DATA SUPPLIED:
*** Begin section ***

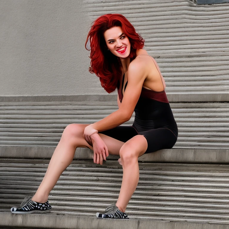 1 young beautiful bodybuilder woman wearing symbiote with a wide jaw, full body visible, soft smile, smooth face, happy face expression, red hair, green eyes, sitting on a building ,
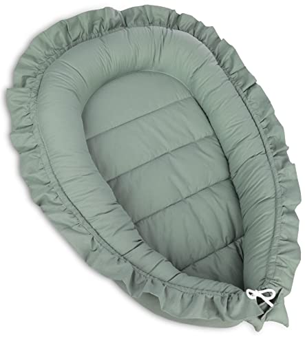 PIMKO Babybo med volang, babybo för bebis, gosigt bo babykokong för spädbarn och nyfödda, 100 % bomull, bo lämpligt för hem, 55 x 90 cm (pistasch)
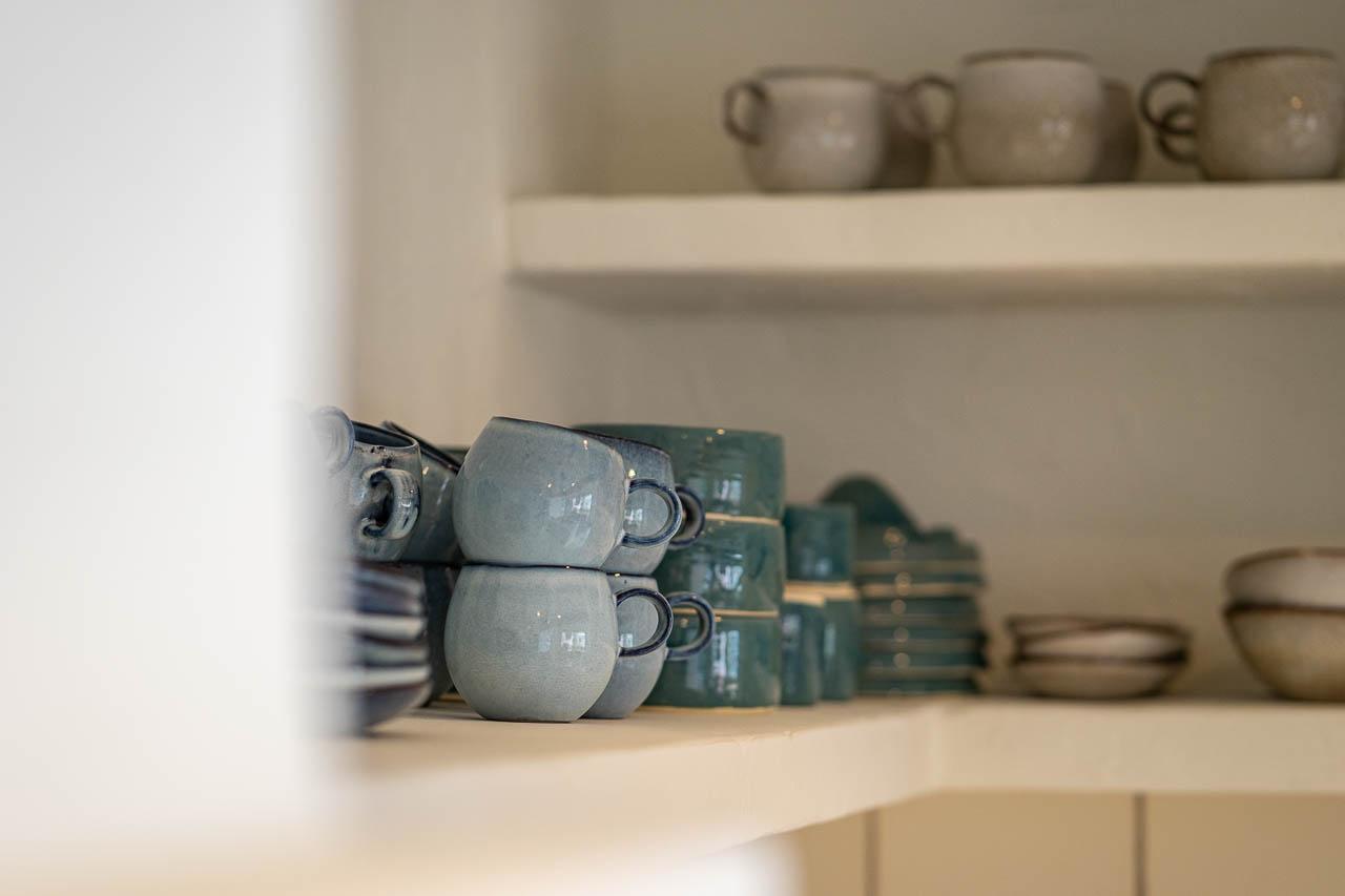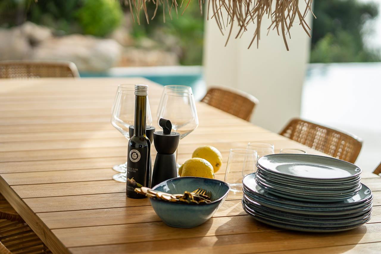 The adjoining dining room accommodates eight guests complete with sliding glass doors overlooking the terrace and the Mediterranean Sea. The adjacent, well equipped kitchen allows you to easily prepare your meals or small snacks to enjoy at the dining table or on the terrace enjoying the splendid views.
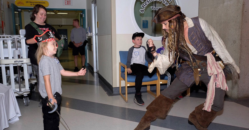 El pirata más famoso de la gran pantalla regaló momentos de felicidad en el Hospital infantil de BC en Vancouver, Canadá
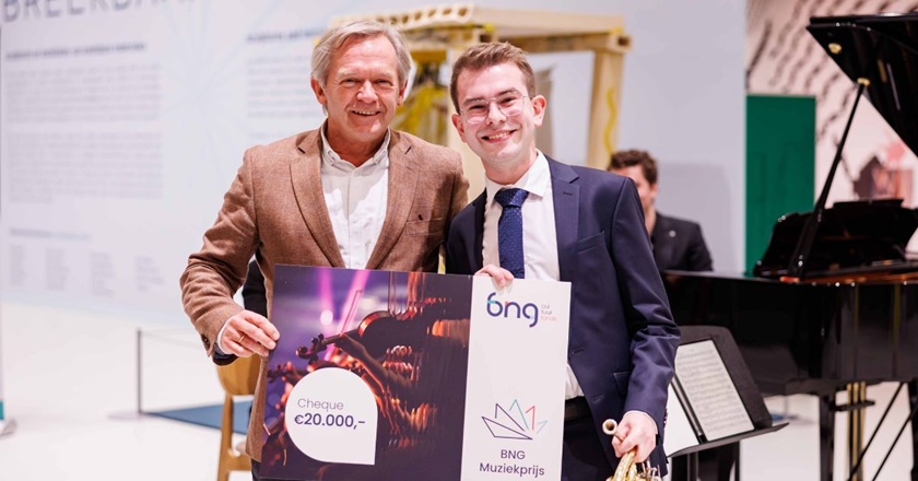 De winnaar van de BNG Muziekprijs is bekend! Hoornist Camiel Lemmens is de winnaar van de BNG Muziekprijs 2024 en ontving de prijs uit handen van Mat Meijs, secretaris van het BNG Cultuurfonds. Deze prijs wordt jaarlijks uitgereikt aan de nieuwe young artist in residence van de Muziekzomer Gelderland. Op 10 december werd tijdens een besloten concert voor vrijwilligers en vrienden van de Nationale Jeugdorkesten Nederland (NJON) bekend gemaakt dat Camiel deze eervolle rol krijgt. De prijs maakt het mogelijk dat Camiel de felbegeerde positie van young artist in residence gaat bekleden tijdens de Muziekzomer Gelderland 2025, een 16-daags festival met voorstellingen, concerten en evenementen op de mooiste locaties in de provincie Gelderland. Dit festival wordt jaarlijks georganiseerd door de NJON en vindt plaats van vrijdag 25 juli t/m zaterdag 9 augustus 2025.
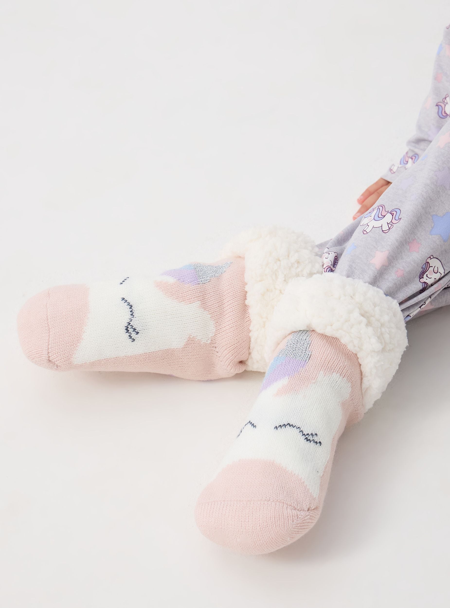 La taglia XS/S corrisponde a 2-9 anni. Confezione composta da 2 adorabili paia di calzini antiscivolo da bimba. Uno di colore rosa con stampa di un simpatico unicorno. L'altro bianco con la stampa di un dolce orsetto. Entrambi presentano impronte di zampa in silicone per un effetto antiscivolo. L'interno è rivestito in sherpa per un calore extra.Dettagli
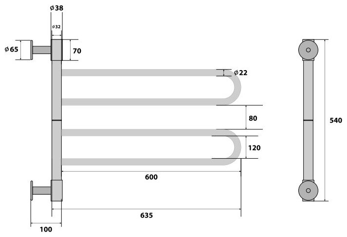 Полотенцесушитель электрический ENERGY U CHROME G2 36 Вт (ВхШхГ 540x635x100) поворотный интересное:
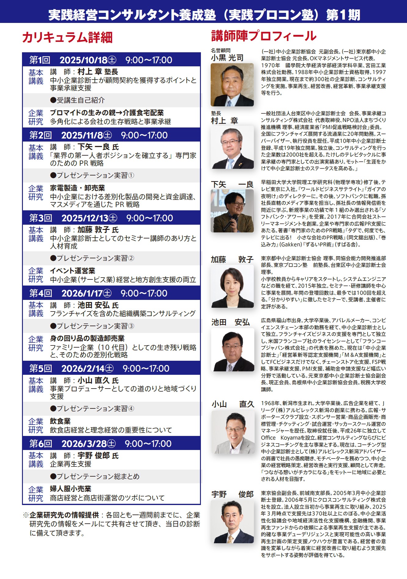 第1期(全6回)は2025年10月より開講されました。「顧問契約獲得のポイント」「専門家のPR戦略」「セミナー講師としての伝え方」「フランチャイズ・組織構築」「地域づくり支援」「企業再生支援」など、幅広いテーマを実践的に学びます。各回では、実在企業を研究対象とし、事前に企業情報を共有。講義当日は、経営診断から改善シナリオの策定、最終プレゼンテーションまでを体験します。これにより、理論と現場感覚を融合させた“即戦力スキル”が身につきます。
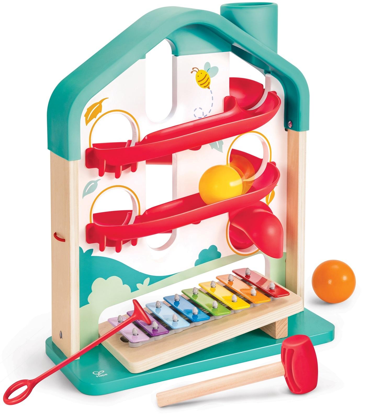 *_Hape: Melody Mansion Ball Run_*Experience the joy of music and rolling fun with our House-shaped Ball Rolling Game. Navigate the colourful maze, or take out the xylophone board for individual melodic play. Pound the ball from the house chimney, and watch it roll along the tracks. Once it falls onto the rainbow-xylophone you`ll hear crisp and sweet sounds.*Features:** LEARNING CAUSE AND EFFECT: Children learn about cause and effect relationships as they observe how their actions like rolling the balls or playing the xylophone, produce certain outcomes.* HELPING BRAINS GROW: Exploring the ball track and playing the xylophone promotes cognitive growth, problem-solving, and critical thinking.* DISCOVERING COLOURS: With its vibrant rainbow palette, the xylophone offers an engaging way to enhance children`s colour recognition skills.* DEVELOPS FINE MOTOR SKILLS: Manipulating the balls on the rolling track and striking the xylophone keys improves children`s hand-eye coordination and fine motor skills.* 2-in-1 PLAY MODE: This toy can be played as a ball run or you can take the xylophone out and simply play the instrument.* EXPLORE MUSICAL FUN: The xylophone can play different sounds and melodies, making it the ideal introduction to the exciting world of music.
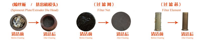 真空清洗炉用于清洗化纤行业涤纶、丙纶、无纺布等行业的普通喷丝板、异形喷丝板、细旦丝板、组件壳体,也可用于清洗过滤芯。它利用化纤高分子聚合物在隔绝空气的真空状态和500℃左右的高温下裂解的原理制作而成。具有对环境污染小,清洗的喷丝板板面干净,丝孔流畅,并可以延长喷丝板的使用寿命以及工作时间短、节能、操作简便、清洗效果好、自动化程度高等优点。是取代三甘醇清洗炉、盐浴炉的更新换代产品。真空清洗炉亦适用于塑料行业模头、滤芯的清洗。
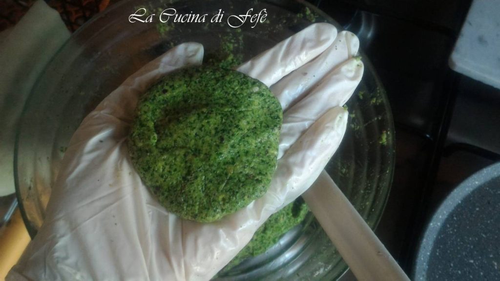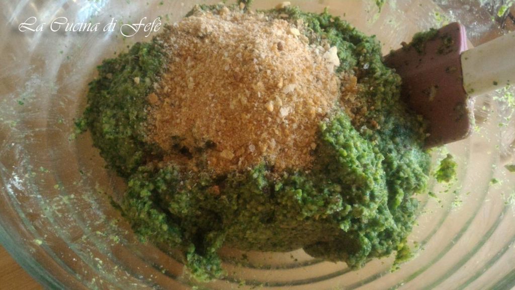 Finish with the breadcrumbs and mix. If the mixture is still soft, you can add another tablespoon of breadcrumbs. Let rest 30′ in the fridge.

*** End section ***

WHAT THIS TASK INVOLVES:
Only the lines from the beginning of the listing through the line with "PIMKO Babybo med", both ends included, are to be repeated exactly; pictures stay out.

ANSWER SPACE:
 1 young beautiful bodybuilder woman wearing symbiote with a wide jaw, full body visible, soft smile, smooth face, happy face expression, red hair, green eyes, sitting on a building ,
 PIMKO Babybo med volang, babybo för bebis, gosigt bo babykokong för spädbarn och nyfödda, 100 % bomull, bo lämpligt för hem, 55 x 90 cm (pistasch)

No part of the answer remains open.